Type-safe pipe function implementation in Python

🏠 Go home
Functional programming Python Typing 2022-08-10

I'm currently investigating how to implement some pure functional concepts in the Python. One of the very basic things we use in functional programming is composition of functions and a similar concept, piping value through a list of functions. In some languages (like F# or Elixir) there are builtin operators for that. For example F# has something like this.

value |> firstFunction |> secondFunction

In Python (or in Javascript) we can implement the behaviour using function accepting arbitrary number of arguments.

pipe(value, first_function, second_function)

Which we want to be equivalent to this.

second_function(first_function(value))

And actually, creating such a function in Python isn't really hard. We just accept whatever position arguments and then apply one after one. I decided for the recursive implementation, but it should be doable also using for / while loops or reduce function from itertools.

def pipe(init, *fns):
    if len(fns) == 0:
        return init
    return pipe(fns[0](init), *fns[1:])

Now, this works, but we don't have any types to have our back after we screw something up. What we want is the compiler to know, that if f1 :: A -> B and f2 :: B -> C, then pipe(a, f1, f2) has type C. Also we want to make sure that every result of previously evaluated function can be passed to input of the very next function.

For example, if pipe supported only two functions, we want something like this.
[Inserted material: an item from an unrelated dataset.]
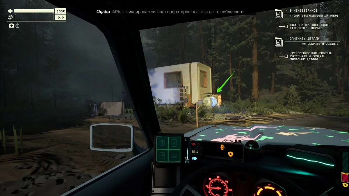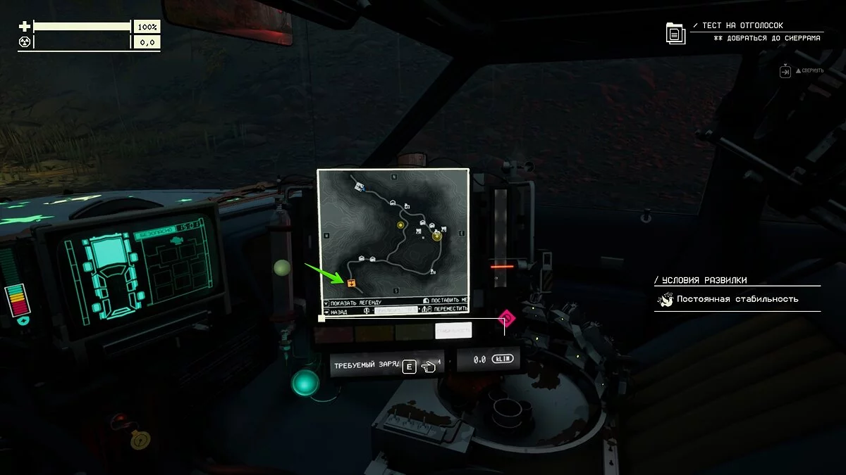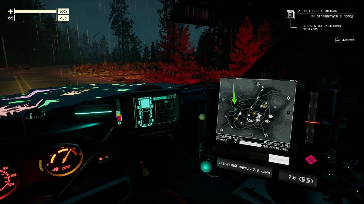На карте появятся три отметки. Отправляйтесь к любой из них и заберите светящуюся сферу — якорь. Поместите его в APK на пассажирском сидении, затем выберите место для создания портала. Следуйте в отмеченную область и направьте автомобиль в большой столп света. Вылазка будет завершена.

from typing import Callable, TypeVar

Fn = Callable[[A], B]

A = TypeVar("A")
B = TypeVar("B")
C = TypeVar("C")

def pipe(init: A, f: Fn[A, B], g: Fn[B, C]) -> C:
    ...

Unfortunately, there doesn't seem to be an easy way to write such a generic function in a type-safe manner. So, we'll employ similar approach functional libraries in Typescript do, we'll create function overloads.

@overload decorator

Python's typing module has the overload decorator. But what is overloading anyway?

Overloading is a technique used to create multiple variants of the same function with different type signatures. Don't confuse with function overriding which is a different technique! Some languages like C# support compile-time dispatch along with overloading. That means, you're allowed to overload a function and when calling the function, compiler will decide which overload to choose. Python doesn't do that by itself but there's actually a singledispatch decorator in the standard library which implements the dispatch behaviour on the first argument of the decorated function. Check the official docs page for more information.

We can't use the dispatch because we'd need to dispatch on all the parameters of the function (although, I can image such a decorator would be possible to implement). Instead, we'll use the overload decorator to communicate to the type-checker which signatures we're aiming to support and then provide a single implementation.

If we wanted to boost our implementation of handling different requests from the post about TypeGuard by returning specific response based on the input model, we could do something like this.

from typing import Any, overload

SearchByIdRequest = ...
SearchByNameRequest = ...

SearchByIdResponse = ...
SearchByNameResponse = ...

SearchRequest = SearchByIdRequest | SearchByNameRequest
SearchResponse = SearchByIdResponse | SearchByNameResponse

@overload
def run_database_query(request: SearchByIdRequest) -> SearchByIdResponse:
    ...

@overload
def run_database_query(request: SearchByNameRequest) -> SearchByNameResponse:
    ...

def run_database_query(request: Any) -> Any:
    # actual implementation
    ...

As the typing docs says, after a series of overloaded definitions there must be exactly one not-decorated definition. During the runtime, all the previous @overload-decorated function will be overwritten by the last definition. The type signature of the last function doesn't really matter, it can be omitted completely so I put there Any. Mypy will check whether the function implementation can handle all the overloads by checking the arguments for us. Otherwise, it is completely in our hands to implement the function correctly with respect to specified overloads.

Final solution

The final implementation looks like this. Of course, it has a big disadvantage that whenever someone calls the pipe with more arguments than the very last overload, the mypy will produce errors. From the experience, I almost never use pipe with more than 10 arguments. Therefore, there will be a small bulk of overloads and we can safely add new ones if needed because the actual implementation can handle an arbitrary number of arguments.

Also, I needed to use the positional-arguments-only syntax in my overloads. Otherwise, mypy would yell it me. In the very last implementation function, I accept arbitrary positional arguments, but overloads say you could invoke the pipe the like this.

pipe(init=1, f=lambda x: x + 1, g=list)

Which is not correct, because the last implementation function accepts only arbitrary positional arguments.

Just for completeness, it is actually not necessary to use the / syntax. If I named all the parameters with double underscore (__init, __f, ...) it would have the same effect for mypy.

from typing import Any, Callable, TypeVar, overload

Fn = Callable[[A], B]

A = TypeVar("A")
B = TypeVar("B")
C = TypeVar("C")
D = TypeVar("D")

@overload
def pipe(init: A, /) -> A:
    ...

@overload
def pipe(init: A, f: Fn[A, B], /) -> B:
    ...

@overload
def pipe(init: A, f: Fn[A, B], g: Fn[B, C], /) -> C:
    ...

@overload
def pipe(init: A, f: Fn[A, B], g: Fn[B, C], h: Fn[C, D], /) -> D:
    ...

# etc...

def pipe(init: Any, *fns: Any) -> Any:
    """Transform value `init` using provided functions one by one."""
    if len(fns) == 0:
        return init
    return pipe(fns[0](init), *fns[1:])